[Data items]
┄┄┄┄┄┄

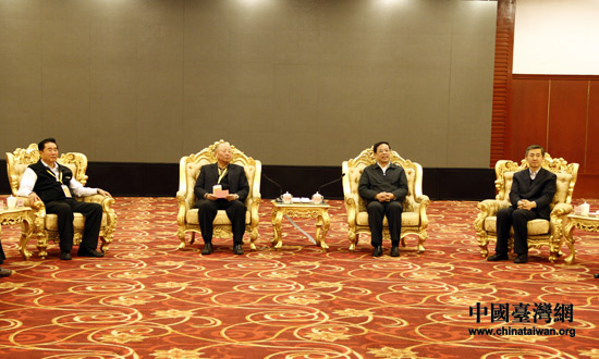 4月10日下午,河南省政協主席葉冬松在鄭州會見了參加癸巳年黃帝故里拜祖大典的臺灣統派人士和退役將領參訪團。(中國臺灣網 李丹 攝)
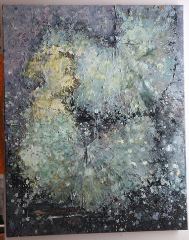 平时喜欢尝试用一些综合材料进行创作,尤其是有肌理感的材料。这次接触到荷叶,缘于去西塘游玩赏荷,便想着尝试荷叶作画。发现了荷叶的独特之处,于是决定将荷叶作为画布,触摸它的脉络,寻找适合与之相结合的绘画材料,由于特殊的肌理,最终选择了丙烯颜料。 画作意境:在创作的过程中是轻松有趣的,闭眼想象夏天雨后荷叶上布满水珠,阳光透过云层,荷叶边缘透着微光。
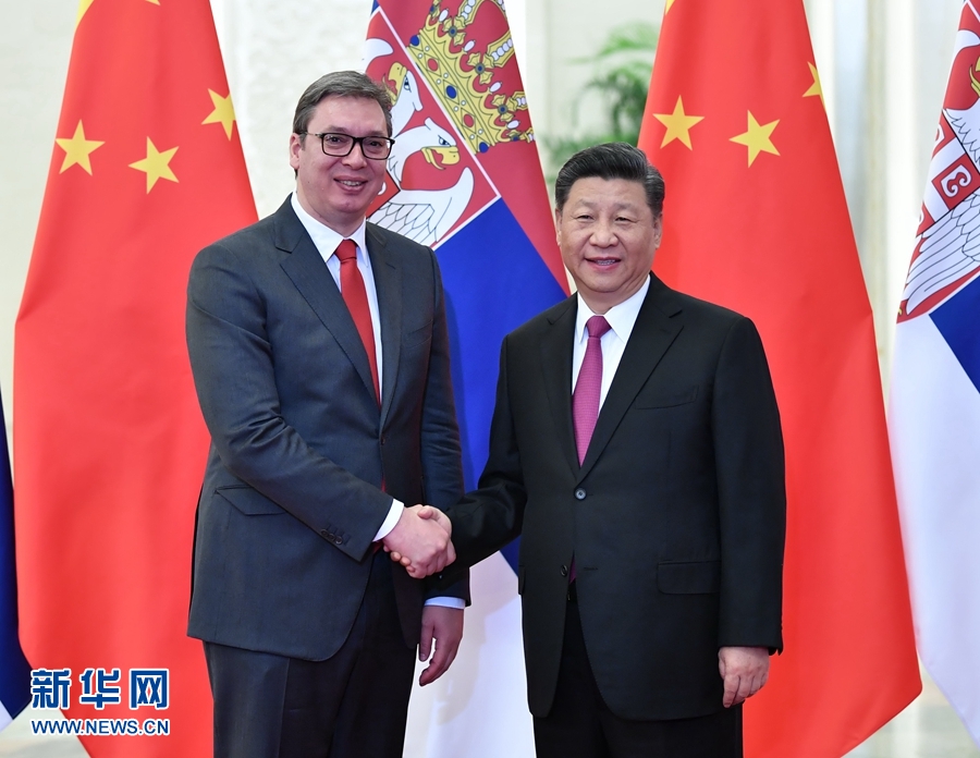 4月25日,國家主席習(xí)近平在北京人民大會堂會見塞爾維亞總統(tǒng)武契奇。 新華社記者 劉衛(wèi)兵 攝
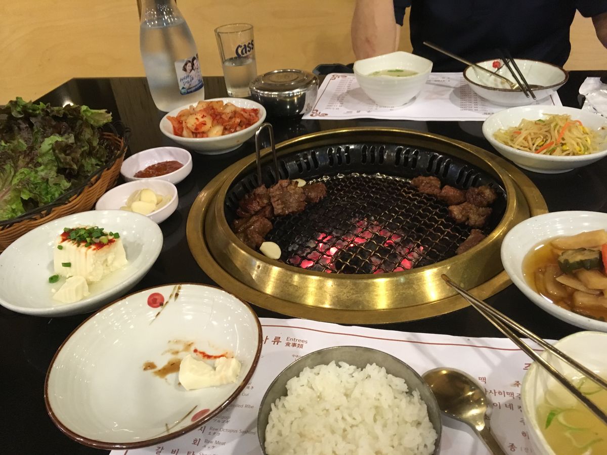 かわいい喋り方をするウォンさんとお話しながら車で少し移動して骨付きカルビの夜ごはん。チヂミも追加してパクパクたべたけど次の日、胃もたれすることもなく美味しく食べれました! 日本のバスツアーで食べるドライブインみたいなとこでした 笑
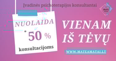 * taikoma nuolaida pirmai konsultacijai (kaina - 38 eur. 19 eur).
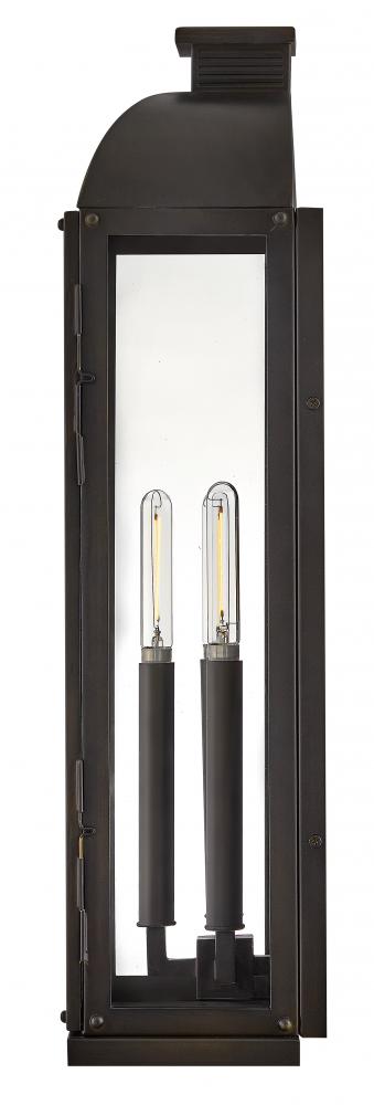 Paying homage to the charm and elegance of Southern colonial aesthetics, Tiverton is a contemporary interpretation of traditional gas lantern design. The rounded silhouette, composed of solid brass, features an arched roof with louvered molding, tall glass panes, and a hinged door for style and function. The rubbed Dark Oxidized Brass finish creates a dramatic, subtly distressed appearance that complements both classic and modern décor.

┄┄┄┄┄┄

- _Task objective_
An exact copy of the lines above, from the first through the line that holds "eur. 19 eur).", is what is needed; leave the pictures out.

- _Reply to the exercise_
 4月10日下午,河南省政協主席葉冬松在鄭州會見了參加癸巳年黃帝故里拜祖大典的臺灣統派人士和退役將領參訪團。(中國臺灣網 李丹 攝)
 平时喜欢尝试用一些综合材料进行创作,尤其是有肌理感的材料。这次接触到荷叶,缘于去西塘游玩赏荷,便想着尝试荷叶作画。发现了荷叶的独特之处,于是决定将荷叶作为画布,触摸它的脉络,寻找适合与之相结合的绘画材料,由于特殊的肌理,最终选择了丙烯颜料。 画作意境:在创作的过程中是轻松有趣的,闭眼想象夏天雨后荷叶上布满水珠,阳光透过云层,荷叶边缘透着微光。
 4月25日,國家主席習(xí)近平在北京人民大會堂會見塞爾維亞總統(tǒng)武契奇。 新華社記者 劉衛(wèi)兵 攝
 かわいい喋り方をするウォンさんとお話しながら車で少し移動して骨付きカルビの夜ごはん。チヂミも追加してパクパクたべたけど次の日、胃もたれすることもなく美味しく食べれました! 日本のバスツアーで食べるドライブインみたいなとこでした 笑
 * taikoma nuolaida pirmai konsultacijai (kaina - 38 eur. 19 eur).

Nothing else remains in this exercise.